Exercise instructions:
The answer is to consist only of an exact retyping of the lines from the one containing "Names and Numbers" to the end of the entries, without pictures.

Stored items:
******
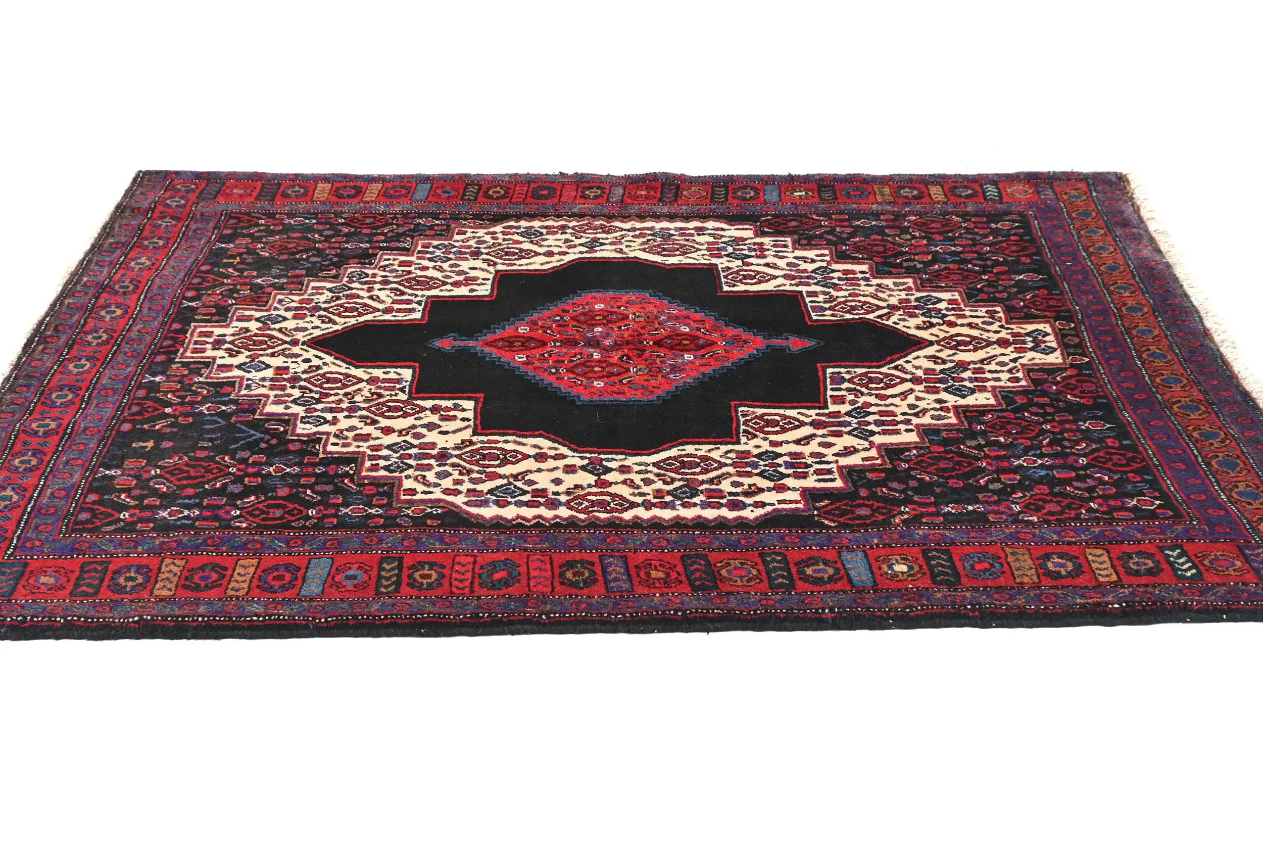 This genuine 4X5 Plum vintage Persian rug was made by the hands of gifted weavers inspired by a variety of spectacular artistic designs, to recreate the aged look of the original piece with a richness of color and ornately patterned background field. What set this geometric Oriental area rug from the others are the material and dye used (wool pile and cotton foundation), knot count, ancient designs, fantastic grades, and its regional historical connection: it has deep roots, from the story of the people who produced it to the meaning of the symbols and colors displayed across its canvas that have been praised for centuries. This home decor carpet will be completely cozy and inviting that never will go out of style! Also, this Oriental rug would be among your most valuable treasures, it is a great investment that accrues value over time, and it will last for generations because was woven with high-quality, all-natural wool; it won’t rip, tear, or shed. Environmentally friendly, opulent yet affordable; this Persian rug will give you a thorough amount of character to help define your living space with elegance and warmth that will capture the eyes and attention of your audience (homeowners, designers, decorators, family and friends). EB-7206
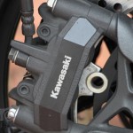 ระบบเบรก ABS หน้า-หลัง จานดิสก์เบรกคู่หน้าขนาด 300 มม. ปั๊มเบรก Monobloc Radial Mount คาลิปเปอร์ 4 ลูกสูบ (ตีแบรนด์ Kawasaki) ปั๊มเบรกบน Nissin ด้านหลังจานเบรกหลังเดี่ยวขนาด 250 มม. ลูกสูบเดี่ยว
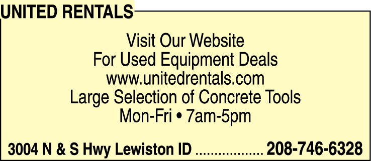 Names and Numbers Verified Contractors' Equipment & Supplies - Renting & Leasing Rental Service Stores & Yards Rentals Contractors EquipmentYour Lewiston Equipment & Tool Rentals Partner United Rentals is your go-to rental company for equipment and tools. We offer a fleet of top-tier earthmoving machines, such as skid steers to help with construction projects or backhoes that are perfect for roadside work. In addit…
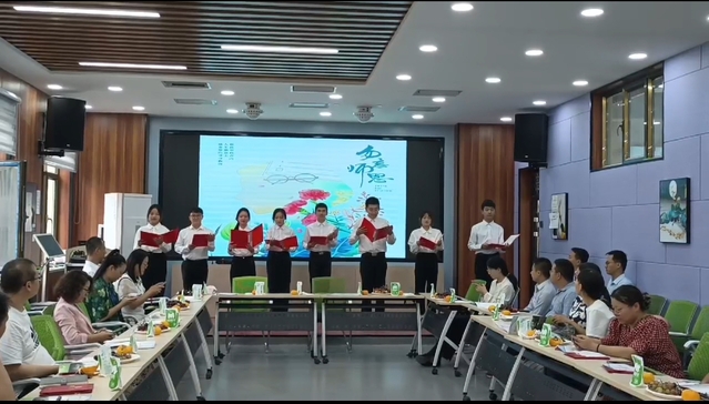 “一声老师,一世师恩”,座谈会上,学院本科生代表们为老师献上了精彩的朗诵节目,声情并茂地表达着对老师的尊敬与感激之情。
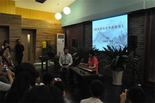 2014.5.17日开始为期三天的成都行,期间两位老师举行了两场专题讲座和一场琴箫音乐会。这次活动受到蜀中琴人和广大古琴爱好者的热烈欢迎和支持。 为了更好地让广大古琴爱好者了解和推广古琴音乐,2014.5.17日晚7:30,应川派古琴协会会长李雪梅老师的邀请,李凤云老师与王建欣老师的第一场专题讲座《漫谈箫与古琴的配合》在空林琴馆王府井馆举行,喜欢琴和箫的同学们早早就到琴馆报了名,大家都不愿意错过这难得的和名家近距离的学习和交流机会。 2014.5.18日上午9:00第二场专题讲座,讲座题目:《李凤云打谱心得》主讲:李凤云教授,地点:beat365在线唯一官网梧桐搂三楼。本次讲座以学术的形式自由发言讨论,蜀中琴人分别以打谱创作的传承与创新以及古琴与音乐节奏应该遵循的原则抛出命题,李凤云老师就问题点谈了自己在古琴打谱创作中所遵循的指导思想和原则。讲座在既热烈又轻松的专业氛围中进行。 2014.5.18 日晚7:30分在beat365在线唯一官网音乐厅举行“箫声琴韵”--李凤云 王建欣琴箫音乐会。伉俪情深,琴瑟和鸣。音清调逸,再现千古遗韵。
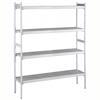 Doğrusal kurulum için. Jaluzili bölmeli polietilen raflara sahip 4 katlı raf seti (derinlik=373 mm). Alüminyum (20 mikron) yan dikmeler (yükseklik=1700 mm). Ayarlanabilir ayaklar.
******
Solution to this task:
 Names and Numbers Verified Contractors' Equipment & Supplies - Renting & Leasing Rental Service Stores & Yards Rentals Contractors EquipmentYour Lewiston Equipment & Tool Rentals Partner United Rentals is your go-to rental company for equipment and tools. We offer a fleet of top-tier earthmoving machines, such as skid steers to help with construction projects or backhoes that are perfect for roadside work. In addit…
 “一声老师,一世师恩”,座谈会上,学院本科生代表们为老师献上了精彩的朗诵节目,声情并茂地表达着对老师的尊敬与感激之情。
 2014.5.17日开始为期三天的成都行,期间两位老师举行了两场专题讲座和一场琴箫音乐会。这次活动受到蜀中琴人和广大古琴爱好者的热烈欢迎和支持。 为了更好地让广大古琴爱好者了解和推广古琴音乐,2014.5.17日晚7:30,应川派古琴协会会长李雪梅老师的邀请,李凤云老师与王建欣老师的第一场专题讲座《漫谈箫与古琴的配合》在空林琴馆王府井馆举行,喜欢琴和箫的同学们早早就到琴馆报了名,大家都不愿意错过这难得的和名家近距离的学习和交流机会。 2014.5.18日上午9:00第二场专题讲座,讲座题目:《李凤云打谱心得》主讲:李凤云教授,地点:beat365在线唯一官网梧桐搂三楼。本次讲座以学术的形式自由发言讨论,蜀中琴人分别以打谱创作的传承与创新以及古琴与音乐节奏应该遵循的原则抛出命题,李凤云老师就问题点谈了自己在古琴打谱创作中所遵循的指导思想和原则。讲座在既热烈又轻松的专业氛围中进行。 2014.5.18 日晚7:30分在beat365在线唯一官网音乐厅举行“箫声琴韵”--李凤云 王建欣琴箫音乐会。伉俪情深,琴瑟和鸣。音清调逸,再现千古遗韵。
 Doğrusal kurulum için. Jaluzili bölmeli polietilen raflara sahip 4 katlı raf seti (derinlik=373 mm). Alüminyum (20 mikron) yan dikmeler (yükseklik=1700 mm). Ayarlanabilir ayaklar.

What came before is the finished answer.